===== DATA FOR THIS TASK
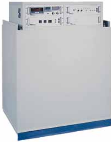
PowerMod 100-150 solid-state modulator, 100 kV, 100 A. Size 50" w x 36" d x 64" h. Oil and water cooled.

DTI's PowerMod modulators deliver the breakthrough advantages of solid-state high power switching to demanding pulsed power applications world-wide.
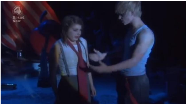
Shot 17, 41:40
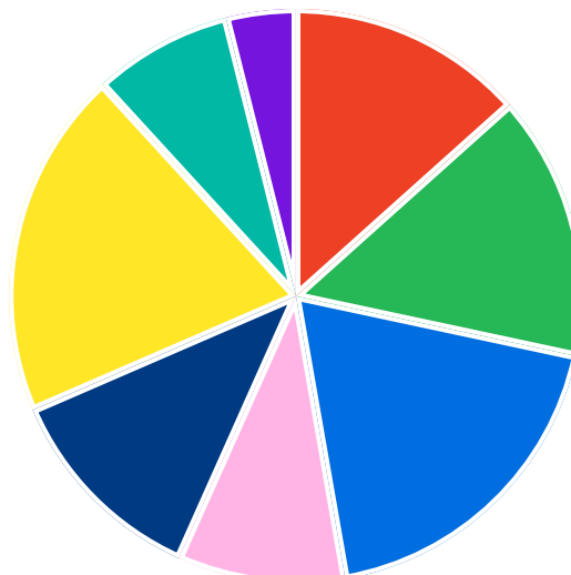
Percentage of Cubs who have completed the badges

● Adventure ● Outdoors ● Skills ● World ● Personal ● Teamwork ● Team Leader ● Chief Scout's Silver
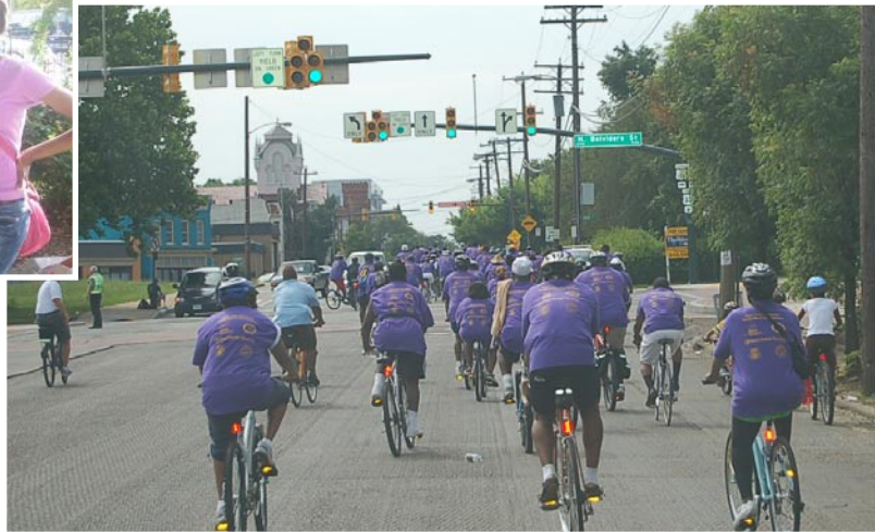
Bikers in the home stretch as they ride along Leigh Street.

“While the event is fun and enjoyed by everyone who participates, it also gives us an opportunity to spread the message of bicycle safety, crime prevention awareness and a
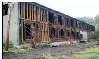
Before and after: "Island Bag Mill" bldg (top)

For WAM Leasing information, please contact ACO Property Advisors in Saratoga @ 584-9578 or Jim Dalpe at 791-0545.
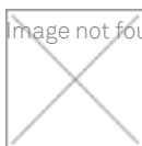
seccion de tronco de roble
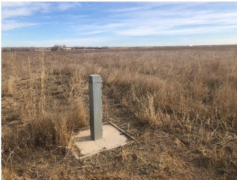
West side of Area 37, with monitoring well

Number of Partial Inspection this Fiscal Year: 4
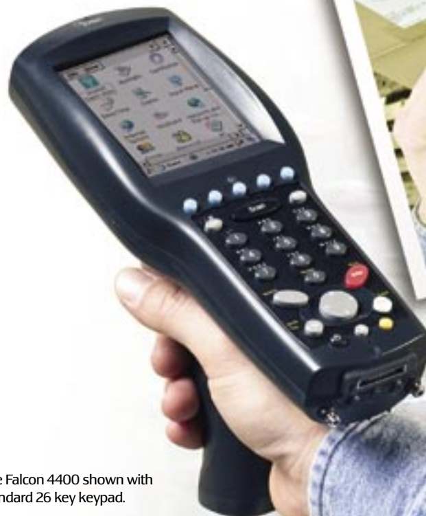
The Falcon 4400 shown with standard 26 key keypad.
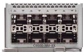
Figure 11. Cisco Catalyst 9500 Series network module 8-port 1/10 Gigabit Ethernet with SFP/SFP+

Figures 10 and 11 show the available network modules
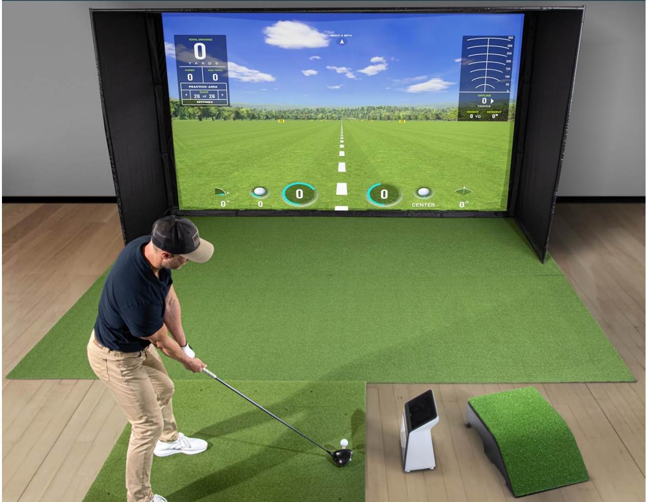
Image 5.1: Professional Practice Setup. This image features a golfer standing on the GoSports Golf Simulator Turf, positioned within a home golf simulator. The turf provides a clean, professional aesthetic to the practice area.
==========
■ EXERCISE AIM: All lines of the listing holding the string "solid" must be returned, copied as they stand.

■ EXERCISE OUTPUT:
PowerMod 100-150 solid-state modulator, 100 kV, 100 A. Size 50" w x 36" d x 64" h. Oil and water cooled.
DTI's PowerMod modulators deliver the breakthrough advantages of solid-state high power switching to demanding pulsed power applications world-wide.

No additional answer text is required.